The British firm helps retailers implement smarter trading solutions and predicts the UAE will increasingly embrace advanced payment methods.
In the case of Apple stores, they have for a while; cashiers made way for roaming MPOS-equipped employees who process customer payments, e-mailing the receipt.
Mr Thomson, who discussed retail technology at the World Retail Congress in Dubai, believes this and other methods could be enhancing the wider UAE shopping experience soon.
“A lot of retailers should look at their stores and think ‘how could we achieve the way Apple does it?’ where you in effect have a one-to-one appointment with a member of staff’,” he says.
“There are some companies looking at putting the solution into all types of retail, where I take my phone, use an app to scan bar codes and simply pay.”
Mr Thomson says some retailers outside the UAE are either completely digital or card-based.
“They don’t have cash handling,” he adds. “It costs them less to do that and staff can interact in a different way. You might design your whole checkout in a different way or not have one, just staff with mobile devices around the store or payment points anywhere.”
Another development beginning to infiltrate the UAE is self-scanning checkouts, which are already prevalent in many UK supermarket chains.
Abu Dhabi’s Souq Planet, meanwhile, describes itself as the first “digital supermarket” in the Middle East. It is pioneering a self-scanning system where registered customers use a smartphone or store device to scan bar codes as they shop.
“A software application allows you to scan using your phone,” explains Mr Thomson. “Once you get through scanning all your products, whether that’s through a device the store provides or your own, you don’t have to put it onto a counter for somebody else to scan and re-pack.”
At the checkout, you tap a button on the device that signals “end of shop” and produces a bar code.
“You scan that at the checkout as a representation of your total spend and go through the payment process,” says Mr Thomson. “That might be at a standard checkout where you hand over the scanning device and they take payment.”
The Virgin Megastore Mena president Nisreen Shocair advocates replacing checkouts with advanced payment methods. The brand operates both MPOS and fixed cashiers.
“This idea you would have a cash till … I’m surprised we have them still. They take up so much space,” she says.

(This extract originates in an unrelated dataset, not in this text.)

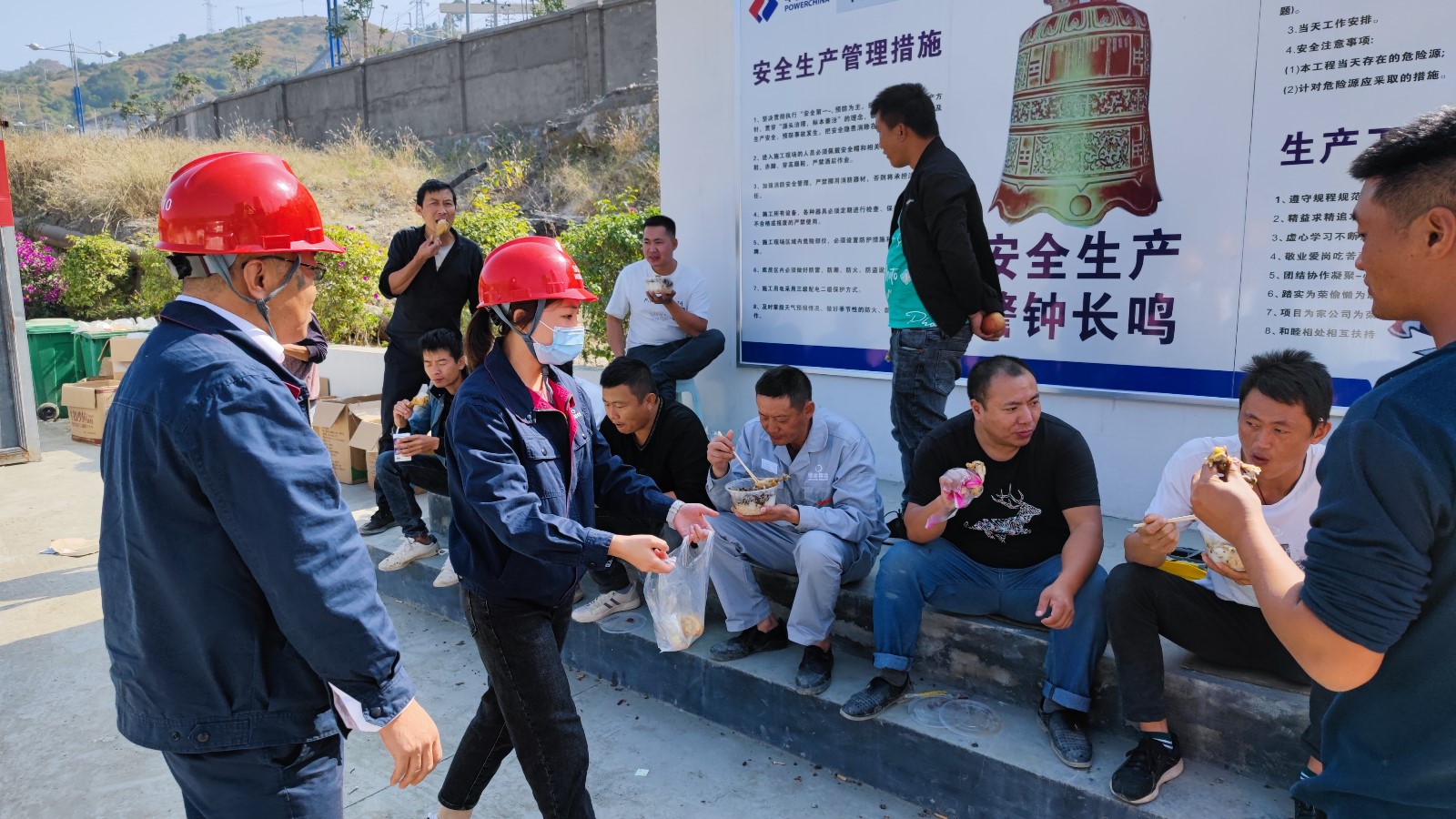 通過近日對施工班組的了解,為確保大江截流的目標(biāo)按期實現(xiàn),工人們中午、晚上用餐都是送到施工現(xiàn)場簡單解決,11月9日,機關(guān)第一黨支部組織了以“工人在加班,我為工人送加餐”的主題黨日活動,組織支部黨員、預(yù)備黨員、入黨積極分子、志愿服務(wù)者共15人到導(dǎo)流明渠施工現(xiàn)場,慰問在施工現(xiàn)場加班加點的一線工人,為他們送去了雞腿、蘋果等慰問品。

“We piloted a year ago, maybe two, the idea that you could pay anywhere in store. The customer still wants to go to the cashier, but we’re going to get to the point where customers checkout on the spot. Some do contactless payment. Everybody is starved for time; they just want to get what they want.”
The UAE chain Home Centre recently rolled out MPOS at its remodelled flagship Mall of the Emirates outlet, where staff bring a device to a customer to fulfil payment.

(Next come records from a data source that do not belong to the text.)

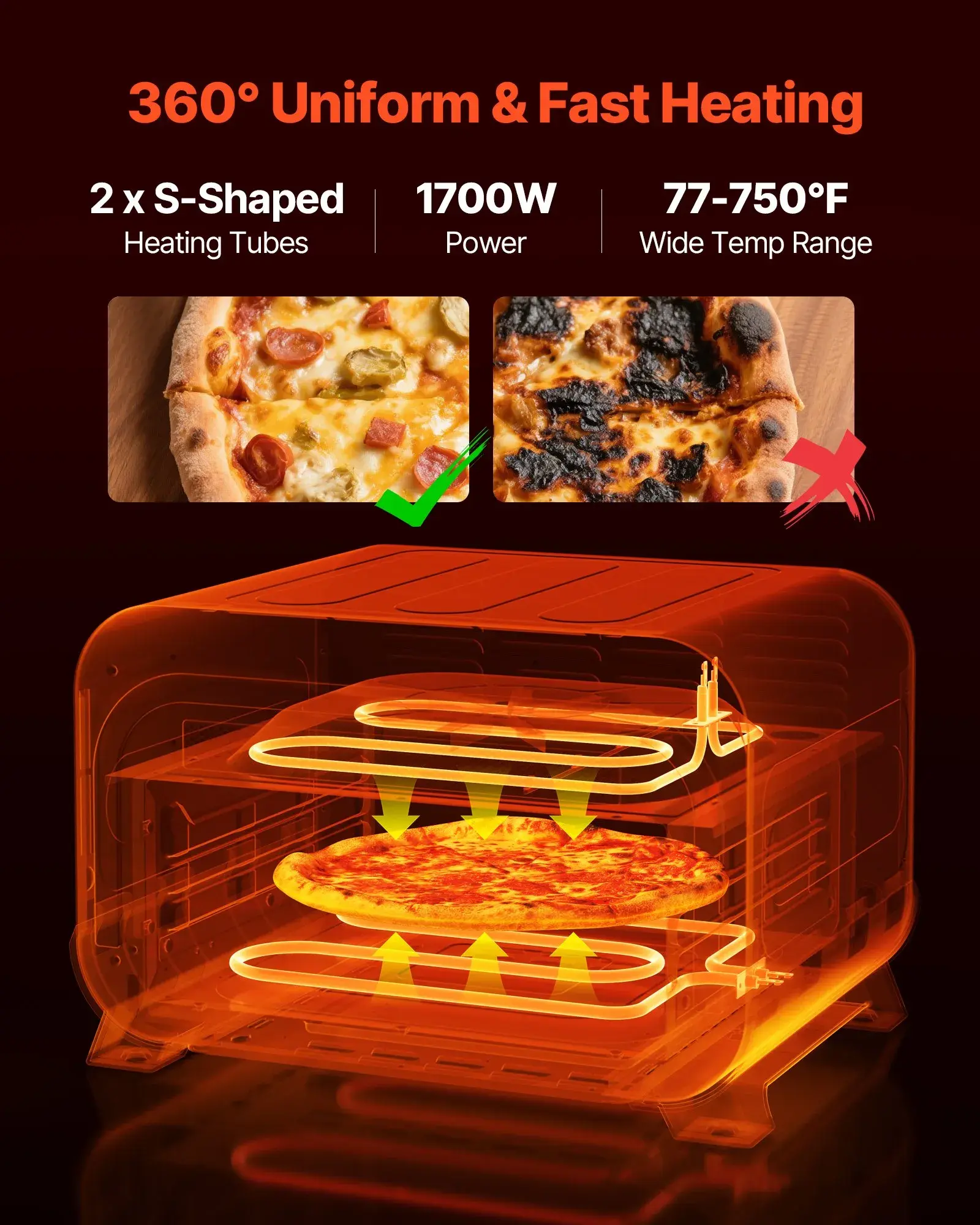 ·2-Minute Artisan Pizza: Our pizza oven heats up to 750℉ with 1700W high power and dual heating element—no flipping needed. Enjoy restaurant-style crispy crust and balanced texture in just 2 minutes.
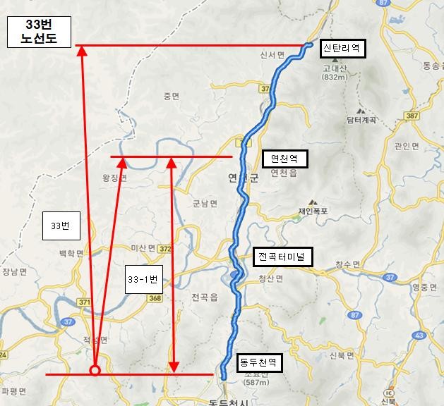 또한, 33번은 신탄리 주변 상권을 기반으로 하는 소상공인지원 정책과 연결해 신서권역 지역경제 활성화를 위해 신탄리역에서 출발하는 대중교통시간 연장이 필요하다는 의견에 따라 기존 오후 9시 30분 마지막 차 이후 오후 10시 50분 출발하는 노선을 신설했다.
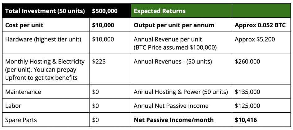 这个预测里面几个重要参数我翻译一下😂顶配的每台矿机1万一台,每年能挖大概0.052枚比特币。同时,每个月每台矿机的电费修理费维护费等等等等是一口价,$225。要开始挖,你买一台都行,如果你想一年挖一枚,就要差不多20台,反正丰俭由人,想咋干咋干。上面这个例子里面是50台矿机,如果就是一台矿机最简单这么算一下,assuming每枚比特币是10万,也就是买一台矿机+一年的电费等用了0.127枚币,每年挖0.052枚币,那用币本位也就是按币的数量来算的话,预期年回报率是每年40%-50%;如果按金本位,币价没有变动还是10万的情况下,预期回报率也是40%-50%; 如果按金本位币价有波动,那么(不精确)大概来说,币价在5万-6万以下的时候,挖矿是赔钱的,不如买币;如果币价在5万-6万的时候,挖矿基本上是不赔不赚的;币价在6万以上的时候,别人买币是零售价,你通过挖矿获得的币就是5万-6万左右的批发价,那就很爽了。现在10万的币价和5万的挖矿成本,币本身年回报就是上面算的,大概40%-50%,也就是2年-2年半左右回本。

Its chief executive Médéric Payne cites two clear advantages for shoppers and stock logistics.
“MPOS has enabled customers to look around the store and complete their purchase in an instant,” he says. “Our staff can process the order through card payments right by the product, rather than taking the customer to a till in the corner.”
Mr Payne says MPOS also gives the retailer real-time stock visibility in the warehouse and stores, allowing it to book delivery dates for the customer by linking with its delivery management system.
“It also has the ‘single swipe’ feature for taking card payments and loyalty cards in the same device,” he adds.
“This way the staff remains with the customer throughout their shopping journey, giving them the opportunity to cross-sell through linking other products.”
That is music to the ears of Mr Thomson, who sees more brands enlisting such technology as physical retailing competes with online.
“We’re not going to stop shopping. We may change the methodology, but convenience and price is key,” he says.
“We talk about experience and digital transformation, but at the end of the day what do retailers want? To sell more and to do it at a lower cost. Operational improvements and how they achieve them … the end result is a better experience for customers.”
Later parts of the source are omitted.